• _WHAT THE EXERCISE ASKS_:
Please write out all of the records below exactly as they appear.

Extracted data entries
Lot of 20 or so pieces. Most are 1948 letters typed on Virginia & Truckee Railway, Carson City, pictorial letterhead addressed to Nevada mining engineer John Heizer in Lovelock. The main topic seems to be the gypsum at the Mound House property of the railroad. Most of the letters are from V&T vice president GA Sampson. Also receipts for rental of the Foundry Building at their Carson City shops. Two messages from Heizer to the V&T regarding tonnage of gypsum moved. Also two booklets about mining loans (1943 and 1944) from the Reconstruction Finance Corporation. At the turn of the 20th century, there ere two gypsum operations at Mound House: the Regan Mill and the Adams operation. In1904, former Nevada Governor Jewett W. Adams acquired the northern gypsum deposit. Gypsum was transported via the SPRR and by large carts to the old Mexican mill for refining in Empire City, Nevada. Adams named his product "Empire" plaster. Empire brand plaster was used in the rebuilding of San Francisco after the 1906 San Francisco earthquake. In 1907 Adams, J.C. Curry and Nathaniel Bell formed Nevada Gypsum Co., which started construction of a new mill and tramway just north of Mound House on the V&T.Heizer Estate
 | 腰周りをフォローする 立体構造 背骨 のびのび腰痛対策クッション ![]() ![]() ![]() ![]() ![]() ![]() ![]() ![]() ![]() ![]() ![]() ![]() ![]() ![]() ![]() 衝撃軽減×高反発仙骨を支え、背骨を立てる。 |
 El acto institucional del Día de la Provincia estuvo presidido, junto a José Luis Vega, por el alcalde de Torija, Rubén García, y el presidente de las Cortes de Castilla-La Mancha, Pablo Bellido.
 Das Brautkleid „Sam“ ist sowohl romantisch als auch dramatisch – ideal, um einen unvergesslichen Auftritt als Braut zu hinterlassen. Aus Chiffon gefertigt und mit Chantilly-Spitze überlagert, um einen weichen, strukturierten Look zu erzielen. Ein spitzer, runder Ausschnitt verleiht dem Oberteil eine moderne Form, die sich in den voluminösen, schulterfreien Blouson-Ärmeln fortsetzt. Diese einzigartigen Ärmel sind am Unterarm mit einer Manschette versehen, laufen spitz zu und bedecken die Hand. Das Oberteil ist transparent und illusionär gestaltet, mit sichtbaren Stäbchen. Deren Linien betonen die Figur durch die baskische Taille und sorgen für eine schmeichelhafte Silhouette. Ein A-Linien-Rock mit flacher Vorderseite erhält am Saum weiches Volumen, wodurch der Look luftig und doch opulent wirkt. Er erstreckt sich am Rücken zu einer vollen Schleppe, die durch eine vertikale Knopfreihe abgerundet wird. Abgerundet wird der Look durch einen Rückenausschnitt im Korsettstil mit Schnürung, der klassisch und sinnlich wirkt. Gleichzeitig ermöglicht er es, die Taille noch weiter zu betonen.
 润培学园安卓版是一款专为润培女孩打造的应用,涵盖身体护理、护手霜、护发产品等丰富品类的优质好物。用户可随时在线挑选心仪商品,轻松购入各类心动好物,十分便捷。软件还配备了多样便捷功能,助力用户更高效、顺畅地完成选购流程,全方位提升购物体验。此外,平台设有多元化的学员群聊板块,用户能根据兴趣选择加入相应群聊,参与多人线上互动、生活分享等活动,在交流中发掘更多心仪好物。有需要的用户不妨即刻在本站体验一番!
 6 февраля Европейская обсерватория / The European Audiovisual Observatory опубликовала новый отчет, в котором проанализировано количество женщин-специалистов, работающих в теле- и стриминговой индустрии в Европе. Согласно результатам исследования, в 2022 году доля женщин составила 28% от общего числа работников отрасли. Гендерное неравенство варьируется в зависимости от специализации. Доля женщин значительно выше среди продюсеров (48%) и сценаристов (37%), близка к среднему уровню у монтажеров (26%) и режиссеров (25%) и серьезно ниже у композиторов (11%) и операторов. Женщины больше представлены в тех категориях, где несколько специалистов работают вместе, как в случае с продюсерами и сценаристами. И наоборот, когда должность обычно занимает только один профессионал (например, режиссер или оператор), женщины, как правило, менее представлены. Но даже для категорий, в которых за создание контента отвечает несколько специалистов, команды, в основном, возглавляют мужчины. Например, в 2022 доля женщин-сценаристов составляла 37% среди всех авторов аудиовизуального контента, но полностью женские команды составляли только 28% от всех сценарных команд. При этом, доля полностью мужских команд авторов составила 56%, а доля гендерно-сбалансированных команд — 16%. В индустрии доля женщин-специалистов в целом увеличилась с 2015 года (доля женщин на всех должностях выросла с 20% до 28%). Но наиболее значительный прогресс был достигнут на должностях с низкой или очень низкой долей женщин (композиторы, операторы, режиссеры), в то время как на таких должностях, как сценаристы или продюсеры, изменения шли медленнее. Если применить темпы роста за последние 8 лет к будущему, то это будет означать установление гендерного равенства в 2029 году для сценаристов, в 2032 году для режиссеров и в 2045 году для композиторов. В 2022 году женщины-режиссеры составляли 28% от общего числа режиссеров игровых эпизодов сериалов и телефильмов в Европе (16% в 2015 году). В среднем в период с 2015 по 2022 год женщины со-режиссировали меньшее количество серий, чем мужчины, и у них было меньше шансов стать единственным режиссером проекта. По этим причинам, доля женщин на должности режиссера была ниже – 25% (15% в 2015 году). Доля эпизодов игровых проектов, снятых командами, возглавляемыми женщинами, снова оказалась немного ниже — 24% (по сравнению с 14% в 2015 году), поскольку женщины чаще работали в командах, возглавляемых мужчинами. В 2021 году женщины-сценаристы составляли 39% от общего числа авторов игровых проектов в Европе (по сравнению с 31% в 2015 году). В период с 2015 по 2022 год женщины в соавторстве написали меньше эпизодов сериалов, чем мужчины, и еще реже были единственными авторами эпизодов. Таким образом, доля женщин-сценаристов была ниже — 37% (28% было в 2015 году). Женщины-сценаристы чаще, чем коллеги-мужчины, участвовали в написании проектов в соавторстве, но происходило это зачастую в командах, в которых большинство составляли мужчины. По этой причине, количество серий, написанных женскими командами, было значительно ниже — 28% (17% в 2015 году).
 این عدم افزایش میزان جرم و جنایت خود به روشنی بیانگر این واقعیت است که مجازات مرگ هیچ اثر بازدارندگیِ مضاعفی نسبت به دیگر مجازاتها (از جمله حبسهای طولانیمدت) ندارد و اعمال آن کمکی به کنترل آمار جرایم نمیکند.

• _FINISHED EXERCISE_:
Lot of 20 or so pieces. Most are 1948 letters typed on Virginia & Truckee Railway, Carson City, pictorial letterhead addressed to Nevada mining engineer John Heizer in Lovelock. The main topic seems to be the gypsum at the Mound House property of the railroad. Most of the letters are from V&T vice president GA Sampson. Also receipts for rental of the Foundry Building at their Carson City shops. Two messages from Heizer to the V&T regarding tonnage of gypsum moved. Also two booklets about mining loans (1943 and 1944) from the Reconstruction Finance Corporation. At the turn of the 20th century, there ere two gypsum operations at Mound House: the Regan Mill and the Adams operation. In1904, former Nevada Governor Jewett W. Adams acquired the northern gypsum deposit. Gypsum was transported via the SPRR and by large carts to the old Mexican mill for refining in Empire City, Nevada. Adams named his product "Empire" plaster. Empire brand plaster was used in the rebuilding of San Francisco after the 1906 San Francisco earthquake. In 1907 Adams, J.C. Curry and Nathaniel Bell formed Nevada Gypsum Co., which started construction of a new mill and tramway just north of Mound House on the V&T.Heizer Estate
 | 腰周りをフォローする 立体構造 背骨 のびのび腰痛対策クッション ![]() ![]() ![]() ![]() ![]() ![]() ![]() ![]() ![]() ![]() ![]() ![]() ![]() ![]() ![]() 衝撃軽減×高反発仙骨を支え、背骨を立てる。 |
 El acto institucional del Día de la Provincia estuvo presidido, junto a José Luis Vega, por el alcalde de Torija, Rubén García, y el presidente de las Cortes de Castilla-La Mancha, Pablo Bellido.
 Das Brautkleid „Sam“ ist sowohl romantisch als auch dramatisch – ideal, um einen unvergesslichen Auftritt als Braut zu hinterlassen. Aus Chiffon gefertigt und mit Chantilly-Spitze überlagert, um einen weichen, strukturierten Look zu erzielen. Ein spitzer, runder Ausschnitt verleiht dem Oberteil eine moderne Form, die sich in den voluminösen, schulterfreien Blouson-Ärmeln fortsetzt. Diese einzigartigen Ärmel sind am Unterarm mit einer Manschette versehen, laufen spitz zu und bedecken die Hand. Das Oberteil ist transparent und illusionär gestaltet, mit sichtbaren Stäbchen. Deren Linien betonen die Figur durch die baskische Taille und sorgen für eine schmeichelhafte Silhouette. Ein A-Linien-Rock mit flacher Vorderseite erhält am Saum weiches Volumen, wodurch der Look luftig und doch opulent wirkt. Er erstreckt sich am Rücken zu einer vollen Schleppe, die durch eine vertikale Knopfreihe abgerundet wird. Abgerundet wird der Look durch einen Rückenausschnitt im Korsettstil mit Schnürung, der klassisch und sinnlich wirkt. Gleichzeitig ermöglicht er es, die Taille noch weiter zu betonen.
 润培学园安卓版是一款专为润培女孩打造的应用,涵盖身体护理、护手霜、护发产品等丰富品类的优质好物。用户可随时在线挑选心仪商品,轻松购入各类心动好物,十分便捷。软件还配备了多样便捷功能,助力用户更高效、顺畅地完成选购流程,全方位提升购物体验。此外,平台设有多元化的学员群聊板块,用户能根据兴趣选择加入相应群聊,参与多人线上互动、生活分享等活动,在交流中发掘更多心仪好物。有需要的用户不妨即刻在本站体验一番!
 6 февраля Европейская обсерватория / The European Audiovisual Observatory опубликовала новый отчет, в котором проанализировано количество женщин-специалистов, работающих в теле- и стриминговой индустрии в Европе. Согласно результатам исследования, в 2022 году доля женщин составила 28% от общего числа работников отрасли. Гендерное неравенство варьируется в зависимости от специализации. Доля женщин значительно выше среди продюсеров (48%) и сценаристов (37%), близка к среднему уровню у монтажеров (26%) и режиссеров (25%) и серьезно ниже у композиторов (11%) и операторов. Женщины больше представлены в тех категориях, где несколько специалистов работают вместе, как в случае с продюсерами и сценаристами. И наоборот, когда должность обычно занимает только один профессионал (например, режиссер или оператор), женщины, как правило, менее представлены. Но даже для категорий, в которых за создание контента отвечает несколько специалистов, команды, в основном, возглавляют мужчины. Например, в 2022 доля женщин-сценаристов составляла 37% среди всех авторов аудиовизуального контента, но полностью женские команды составляли только 28% от всех сценарных команд. При этом, доля полностью мужских команд авторов составила 56%, а доля гендерно-сбалансированных команд — 16%. В индустрии доля женщин-специалистов в целом увеличилась с 2015 года (доля женщин на всех должностях выросла с 20% до 28%). Но наиболее значительный прогресс был достигнут на должностях с низкой или очень низкой долей женщин (композиторы, операторы, режиссеры), в то время как на таких должностях, как сценаристы или продюсеры, изменения шли медленнее. Если применить темпы роста за последние 8 лет к будущему, то это будет означать установление гендерного равенства в 2029 году для сценаристов, в 2032 году для режиссеров и в 2045 году для композиторов. В 2022 году женщины-режиссеры составляли 28% от общего числа режиссеров игровых эпизодов сериалов и телефильмов в Европе (16% в 2015 году). В среднем в период с 2015 по 2022 год женщины со-режиссировали меньшее количество серий, чем мужчины, и у них было меньше шансов стать единственным режиссером проекта. По этим причинам, доля женщин на должности режиссера была ниже – 25% (15% в 2015 году). Доля эпизодов игровых проектов, снятых командами, возглавляемыми женщинами, снова оказалась немного ниже — 24% (по сравнению с 14% в 2015 году), поскольку женщины чаще работали в командах, возглавляемых мужчинами. В 2021 году женщины-сценаристы составляли 39% от общего числа авторов игровых проектов в Европе (по сравнению с 31% в 2015 году). В период с 2015 по 2022 год женщины в соавторстве написали меньше эпизодов сериалов, чем мужчины, и еще реже были единственными авторами эпизодов. Таким образом, доля женщин-сценаристов была ниже — 37% (28% было в 2015 году). Женщины-сценаристы чаще, чем коллеги-мужчины, участвовали в написании проектов в соавторстве, но происходило это зачастую в командах, в которых большинство составляли мужчины. По этой причине, количество серий, написанных женскими командами, было значительно ниже — 28% (17% в 2015 году).
 این عدم افزایش میزان جرم و جنایت خود به روشنی بیانگر این واقعیت است که مجازات مرگ هیچ اثر بازدارندگیِ مضاعفی نسبت به دیگر مجازاتها (از جمله حبسهای طولانیمدت) ندارد و اعمال آن کمکی به کنترل آمار جرایم نمیکند.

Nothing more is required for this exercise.